Source code for irlc.ex04.control_environment

# This file may not be shared/redistributed without permission. Please read copyright notice in the git repo. If this file contains other copyright notices disregard this text.
import gymnasium as gym
import numpy as np
from irlc.ex03.control_model import ensure_policy
from irlc.ex04.discrete_control_model import DiscreteControlModel



[docs]
class ControlEnvironment(gym.Env):
    """
    Helper class to convert a discretized model into an environment.
    See the ``__init__`` function for how to create a new environment using this class. Once an environment has been
    created, you can use it as any other gym environment:

    .. runblock:: pycon

        >>> from irlc.ex04.model_pendulum import GymSinCosPendulumEnvironment
        >>> env = GymSinCosPendulumEnvironment(Tmax=4) # Specify we want it to run for a maximum of 4 seconds
        >>> env.reset() # Reset both the time and state variable
        >>> u = env.action_space.sample()
        >>> next_state, cost, done, truncated, info = env.step(u)
        >>> print("Current state: ", env.state)
        >>> print("Current time", env.time)

    In this example, tell the environment to terminate after 4 seconds using ``Tmax`` (after which ``done=True``)

    .. Note::
        The ``step``-method will use the (nearly exact) RK4 method to integrate the enviorent over a timespan of ``dt``,
        and **not** use the approximate  ``model.f(x_k,u_k, k)``-method in the discrete environment which is based on
        Euler discretization.
        This is the correct behavior since we want the environment to reflect what happens in the real world and not
        our apprixmation method.
    """
    metadata = {
        'render_modes': ['human', 'rgb_array'],
        'render_fps': 30
    }
    action_space = None
    observation_space = None


[docs]
    def __init__(self, discrete_model: DiscreteControlModel, Tmax=None, supersample_trajectory=False, render_mode=None):
        """
        Creates a new instance. You should use this in conjunction with a discrete model to build a new class. An example:

        .. runblock:: pycon

            >>> from irlc.ex04.model_pendulum import DiscreteSinCosPendulumModel
            >>> from irlc.ex04.control_environment import ControlEnvironment
            >>> from gymnasium.spaces import Box
            >>> import numpy as np
            >>> class MyGymSinCosEnvironment(ControlEnvironment):
            ...     def __init__(self, Tmax=5):
            ...         discrete_model = DiscreteSinCosPendulumModel()
            ...         self.action_space = Box(low=-np.inf, high=np.inf, shape=(1,), dtype=np.float64)
            ...         self.observation_space = Box(low=-np.inf, high=np.inf, shape=(3,), dtype=np.float64)
            ...         super().__init__(discrete_model, Tmax=Tmax)
            >>>
            >>> env = MyGymSinCosEnvironment()
            >>> env.reset()
            >>> env.step(env.action_space.sample())

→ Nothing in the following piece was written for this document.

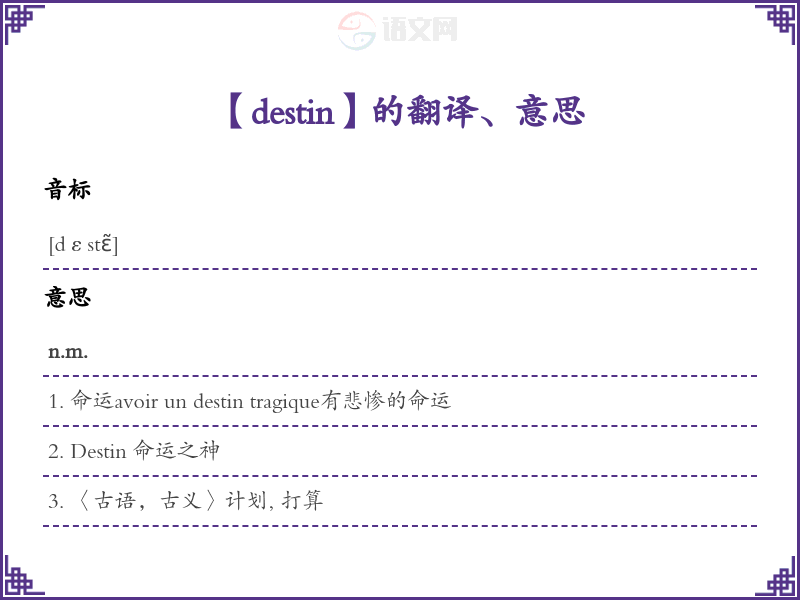 destin法语的中文翻译、意思

        :param discrete_model: The discrete model the environment is based on
        :param Tmax: Time in seconds until the environment terminates (``step`` returns ``done=True``)
        :param supersample_trajectory: Used to create nicer (smooth) trajectories. Don't worry about it.
        :param render_mode: If ``human`` the environment will be rendered (inherited from ``Env``)
        """
        self.dt = discrete_model.dt  # Discretization time
        self.state = None            # the current state
        self.time = 0                # Current global time index
        self.discrete_model = discrete_model
        self.Tmax = Tmax

        # Try to guess action/observation spaces unless they are already defined.
        if self.observation_space is None:
            self.observation_space = gym.spaces.Box(-np.inf, np.inf, shape=(discrete_model.state_size,) )

        if self.action_space is None:
            u_bound = self.discrete_model.continuous_model.u_bound()
            self.action_space = gym.spaces.Box(low=np.asarray(self.discrete_model.phi_u(u_bound.low), dtype=np.float64),
                                               high=np.asarray(self.discrete_model.phi_u(u_bound.high), dtype=np.float64),
                                               dtype=np.float64,
                                               )
        self.state_labels = discrete_model.state_labels
        self.action_labels = discrete_model.action_labels
        self.supersample_trajectory = supersample_trajectory
        self.render_mode = render_mode




[docs]
    def step(self, u):
        r"""
        This works similar to the gym ``Env.step``-function. ``u`` is an action in the action-space,
        and the environment will then assume we (constantly) apply the action ``u`` from the current time step, :math:`t_k`, until
        the next time step :math:`t_{k+1} = t_k + \Delta`, where :math:`\Delta` is equal to ``env.model.dt``.

        During this period, the next state is computed using the relatively exact RK4 simulation, and the incurred cost will be
        computed using Riemann integration.

        .. math::
            \int_{t_k}^{t_k+\Delta} c(x(t), u(t)) dt

        .. Note::
            The gym environment requires that we return a cost. The reward will therefore be equal to minus the (integral) of the cost function.

            In case the environment terminates, the reward will include the terminal cost. :math:`c_F`.

        :param u: The action we apply :math:`u`
        :return:
            - ``state`` - the state we arrive in
            - ``reward`` - (minus) the total (integrated) cost incurred in this time period.
            - ``done`` - ``True`` if the environment has finished, i.e. we reached ``env.Tmax``.
            - ``truncated`` - ``True`` if the environment was forced to terminated prematurely. Assume it is ``False`` and ignore it.
            - ``info`` - A dictionary of potential extra information. Includes ``info['time_seconds']``, which is the current time after the step function has completed.
        """

        def clip_action(self, u):
            return np.clip(u, a_max=self.action_space.high, a_min=self.action_space.low)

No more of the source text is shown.